WHAT NEEDS TO BE DONE.
When duplicating the records beneath this instruction, omit every picture and keep all else exact.

EXTRACTED ENTRIES.
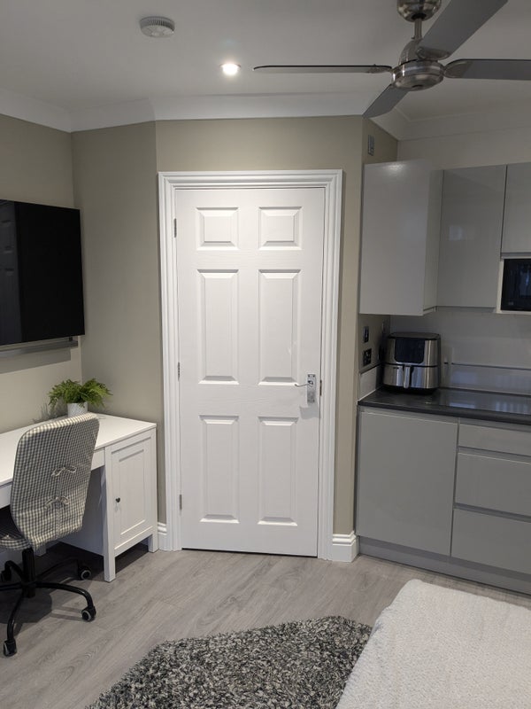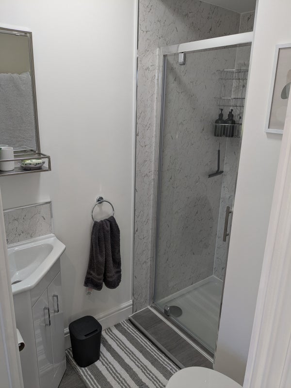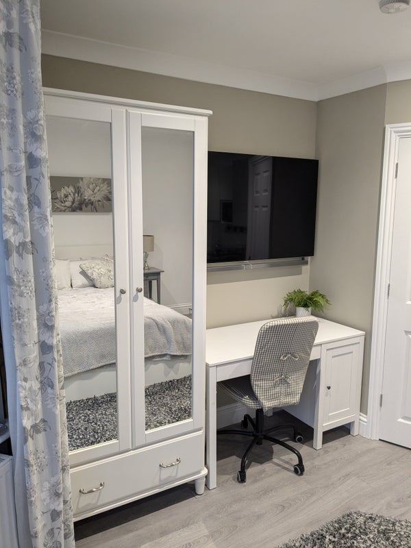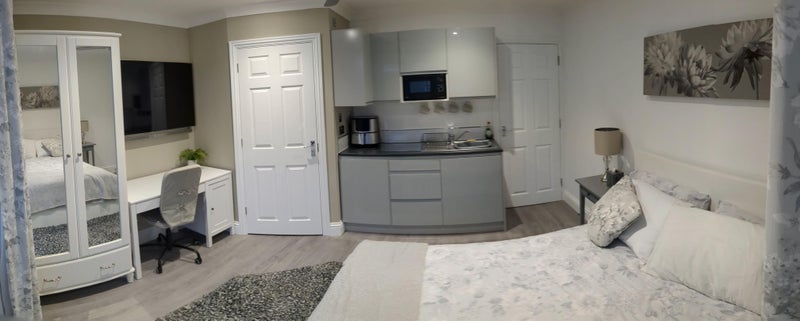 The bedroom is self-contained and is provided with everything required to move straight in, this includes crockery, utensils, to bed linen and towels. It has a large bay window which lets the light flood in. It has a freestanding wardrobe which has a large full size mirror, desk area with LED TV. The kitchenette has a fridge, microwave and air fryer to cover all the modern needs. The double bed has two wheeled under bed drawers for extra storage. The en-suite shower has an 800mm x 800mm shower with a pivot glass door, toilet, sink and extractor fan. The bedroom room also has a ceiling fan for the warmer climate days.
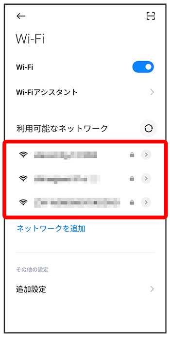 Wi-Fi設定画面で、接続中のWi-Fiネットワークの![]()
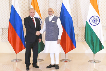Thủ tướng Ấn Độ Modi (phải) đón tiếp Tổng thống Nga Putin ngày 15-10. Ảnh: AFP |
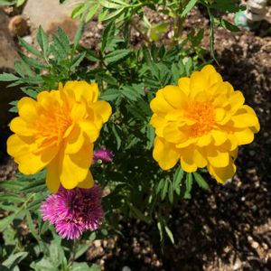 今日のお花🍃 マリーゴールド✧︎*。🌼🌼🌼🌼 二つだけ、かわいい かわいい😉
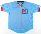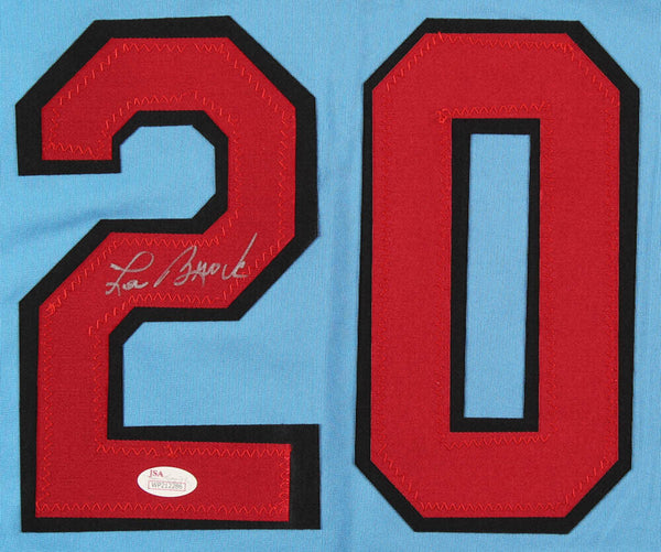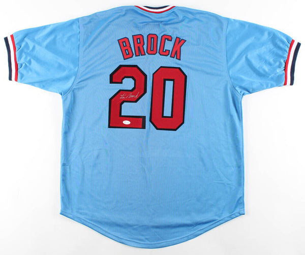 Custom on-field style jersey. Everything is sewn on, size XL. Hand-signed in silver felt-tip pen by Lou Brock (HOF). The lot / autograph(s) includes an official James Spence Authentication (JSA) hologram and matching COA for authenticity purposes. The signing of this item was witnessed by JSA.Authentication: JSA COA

ANSWER TO THE EXERCISE.
 The bedroom is self-contained and is provided with everything required to move straight in, this includes crockery, utensils, to bed linen and towels. It has a large bay window which lets the light flood in. It has a freestanding wardrobe which has a large full size mirror, desk area with LED TV. The kitchenette has a fridge, microwave and air fryer to cover all the modern needs. The double bed has two wheeled under bed drawers for extra storage. The en-suite shower has an 800mm x 800mm shower with a pivot glass door, toilet, sink and extractor fan. The bedroom room also has a ceiling fan for the warmer climate days.
 Wi-Fi設定画面で、接続中のWi-Fiネットワークの![]()
Thủ tướng Ấn Độ Modi (phải) đón tiếp Tổng thống Nga Putin ngày 15-10. Ảnh: AFP |
 今日のお花🍃 マリーゴールド✧︎*。🌼🌼🌼🌼 二つだけ、かわいい かわいい😉
 Custom on-field style jersey. Everything is sewn on, size XL. Hand-signed in silver felt-tip pen by Lou Brock (HOF). The lot / autograph(s) includes an official James Spence Authentication (JSA) hologram and matching COA for authenticity purposes. The signing of this item was witnessed by JSA.Authentication: JSA COA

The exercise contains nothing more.